How to Rent to Own a Home
If you are a home owner who is looking to sell your home, it can be a difficult process. Finding a buyer for the asking price that you would like is becoming harder and harder – and therefore, renting your home to a potential buyer can be a great way to not only expand your market, but also to make some supplemental income as a landlord. But if you are looking to potentially buy a house, then you are in luck! There are a number of different types of homes on the market that you can choose from – however, if you are looking to not jump straight into a mortgage, checking out rent to own homes expands your list even further.
Once a home seller and a potential buyer find each other in the housing market, they can get together to discuss the terms of a contract that is drafted by the seller. The buyer is encouraged to bring along a real estate attorney to this meeting, as there are likely to be a lot of clauses and industry-specific terminology in this contract, and they can help buyers to ensure that they understand what is expected of them. They can also look out for scam artists, who may be trying to trick potential buyers into hidden pitfalls and secretly terrible deals.
At the meeting, the contract should discuss the asking price of the property as a whole, as well as the monthly rent that will be expected of the buyer for a pre-determined number of months. However, these figures should always be negotiable before the contract is signed – it is usually in the buyer’s best interest to make a counter offer for the final price, and to try to set up monthly payments that fit well with their monthly income level.
There is often a clause in these contracts discussing the potential for maintenance that needs to be done on the property, and which party is responsible for paying those fees. The seller will also often have a clause in the contract that dictates what kind of inconvenience fine there may be if the buyer does not choose to purchase the home after the renting phase has concluded. After both parties have reached an agreement and covered the entirety of the contract, it can be signed – this also legally prevents the seller from continuing to look for potential buyers during the duration of the contract (even ones that are willing to purchase the home outright).

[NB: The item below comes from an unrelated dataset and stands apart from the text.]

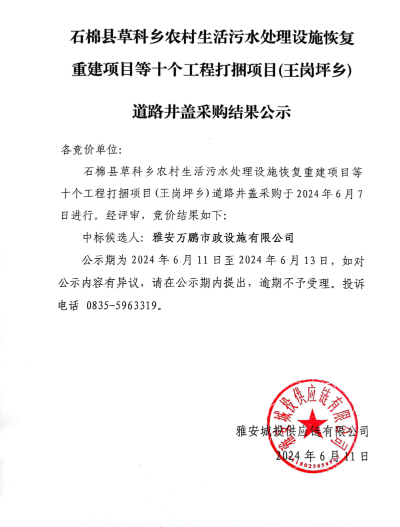 石棉縣草科鄉(xiāng)農(nóng)村生活污水處理設(shè)施恢復(fù)重建項(xiàng)目等十個工程打捆項(xiàng)目(王崗坪鄉(xiāng))道路井蓋采購結(jié)果公示

The buyer begins their rent to own experience by paying an “option premium” to the seller – this is a percentage of the overall asking price of the house. This is usually about 5 percent, but it can also be adjusted based on the ability of the buyer to pay. By paying this premium, the buyer is legally gaining the right to potentially purchase the home at the end of the contract. While this payment is non-refundable, it can be subtracted from the final payment for the house if the buyer decides to do so at the end of the contract.
After the buyer has moved into their rent to own house, they can begin to pay their monthly rent to the seller. In the same way that the option premium is a layer of protection for the seller, there is also a small, non-refundable added figure that the buyer must pay alongside their monthly rent. However, if the buyer chooses to purchase the home at the end of their contract, these additional payments will also be subtracted from the final cost. This not only gives the seller some extra guaranteed money in case the buyer chooses not to purchase the home, but it also gives the buyer a much lower sum that they must produce at the end of the contract if they do want to go through with the purchase.

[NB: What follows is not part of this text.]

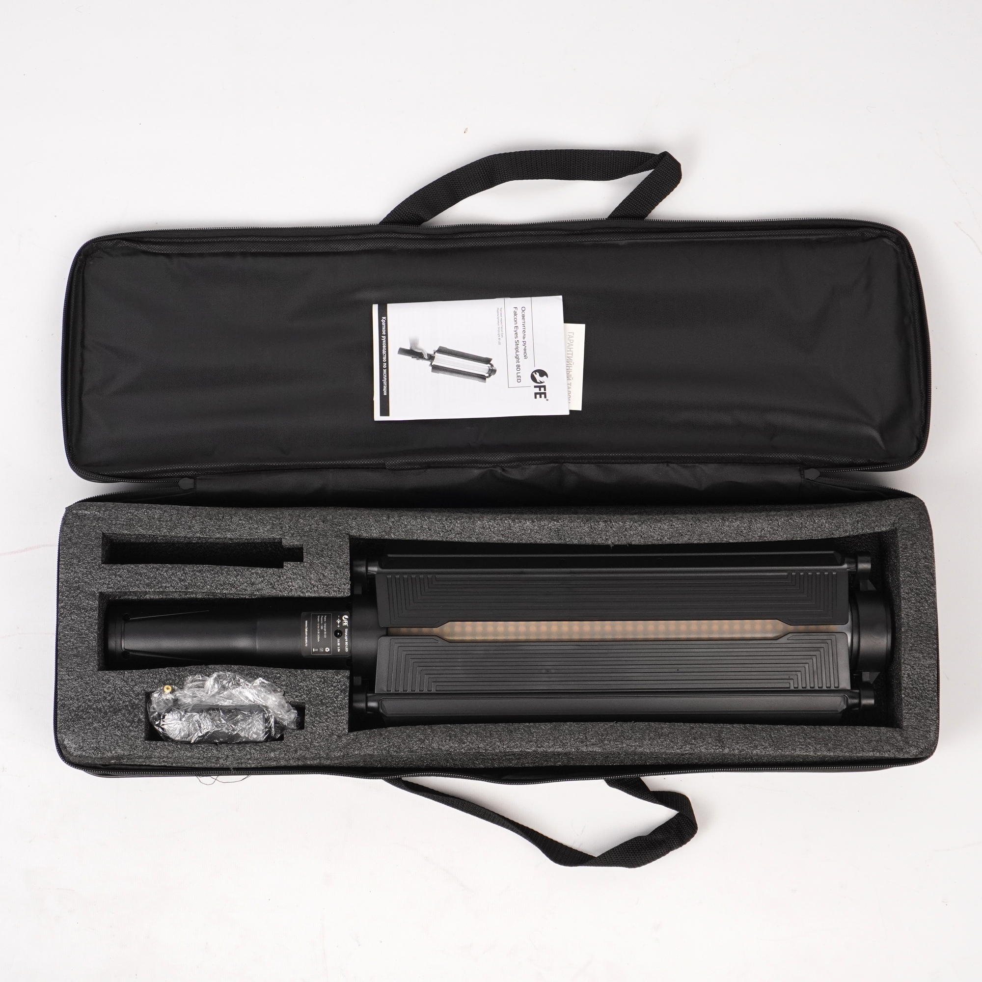 504 светодиода (252 холодного белого и 252 теплого белого света), мощность 18 Вт, плавная регулировка яркости от 10 до 100%, цветовая температура 3200/5600К, индекс цветопередачи CRI≥97, встроенная литиевая батарея, питание от сети. Пульт ДУ, сумка-чехол в комплекте.

Advantages of Buying & Selling with Rent to Own
Renting to own can be extremely beneficial for all parties involved, if the terms of the contract are followed through to the final purchase. For sellers, renting to own can allow you to set a higher selling price for the home than you might otherwise, due to the extra hassle of not immediately selling & the inherent risk of potentially not selling at all. For buyers, renting to own can give you much more flexibility than you might get otherwise. By living in the home for a while, you can learn whether or not the home is a right fit for you and your family. There can also be financial benefits with renting to own – if the housing market has an upswing while you are renting (thus increasing the value of your rental home), the seller cannot change the original asking price that was listed in the contract. This could allow you to get a much better deal than you may have ever anticipated. While renting to own has certain definitive pros and cons, it can be an excellent way to slowly and responsibly purchase a home for your family’s future.